Begrijpend lezen : de verwijswoorden extra oefeningen.
1. Chocolade wordt gemaakt van de cacaoboon.
2. Die groeit aan de cacaoboom.
3. In Afrika groeien er veel.
4. Daar is het weer lekker warm.
______________________ ← die ( regel 2)
______________________ ← er ( regel 3)
______________________ ← daar ( regel 4)
5. In de zomer vliegen er veel vlinders rond.
6. Zij ontpoppen uit de rups.
7. Hoelang denk je dat dat duurt?
______________________ ← zij ( regel 6)
______________________ ← dat ( regel 7)
8. Vanessa heeft een hond en twee katten.
9. De dieren moet je verzorgen.
______________________ ← dieren ( regel 10)
10. In de klas hangen de afspraken omhoog.
11. We hebben ze opgeschreven om ze niet te vergeten.
______________________ ← ze ( regel 12)
12. Voor de vakantie hebben we in de klas gekookt.
13. We hebben er chocoladerotsjes gemaakt.
14. Iedereen heeft er geproefd.
______________________ ← er ( regel 14)
______________________ ← er ( regel 15)
15. In de zomer draag ik een zonnebril.
16. Die beschermt mijn ogen tegen zonnestralen.
17. Deze zijn zeer gevoelig.
______________________ ← Die ( regel 17)
______________________ ← Deze ( regel 18)
18. Wekelijks geven we onze planten water.
19. Anders verwelken ze.
20. Dat hebben ze nodig om te groeien.
______________________ ← ze ( regel 20)
______________________ ← dat ( regel 21)
21. De melkjes staan in de koelkast.
22. Daar staan ze fris.
______________________ ← daar ( regel 23)

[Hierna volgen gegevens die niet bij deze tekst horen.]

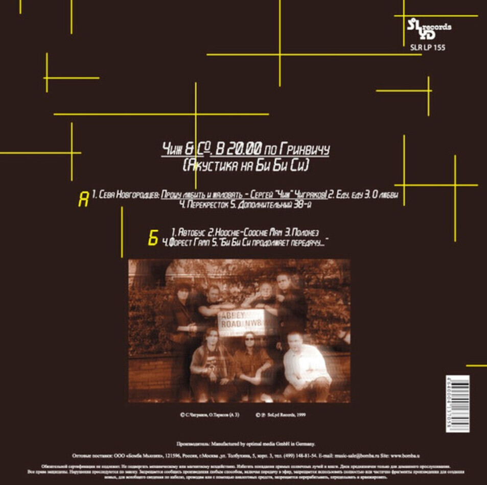 "В 20.00 По Гринвичу" - концертный альбом группы Чиж & Со, выпущенный в 1999 году. На нем представлено выступление коллектива на передаче Севы Новгородцева на ВВС в 1998 году. Обложка выполнена в виде фото из архива группы Чиж & Co. Звукорежиссер - Юрий Морозов.

______________________ ← ze ( regel 23)
23. In de maand mei gaan we op sportklassen.
24. We gaan er fietsen, lopen, zwemmen…
25. Sporten is gezond!
______________________ ← er ( regel 25)
______________________ ← sporten ( regel 26)
26. Juf Sofie en juf Lies koken wekelijks.
27. Kan jij dat?
28. Zij gebruiken een kookboek.
29. Dat is handig als je de ingrediënten van een recept niet kent.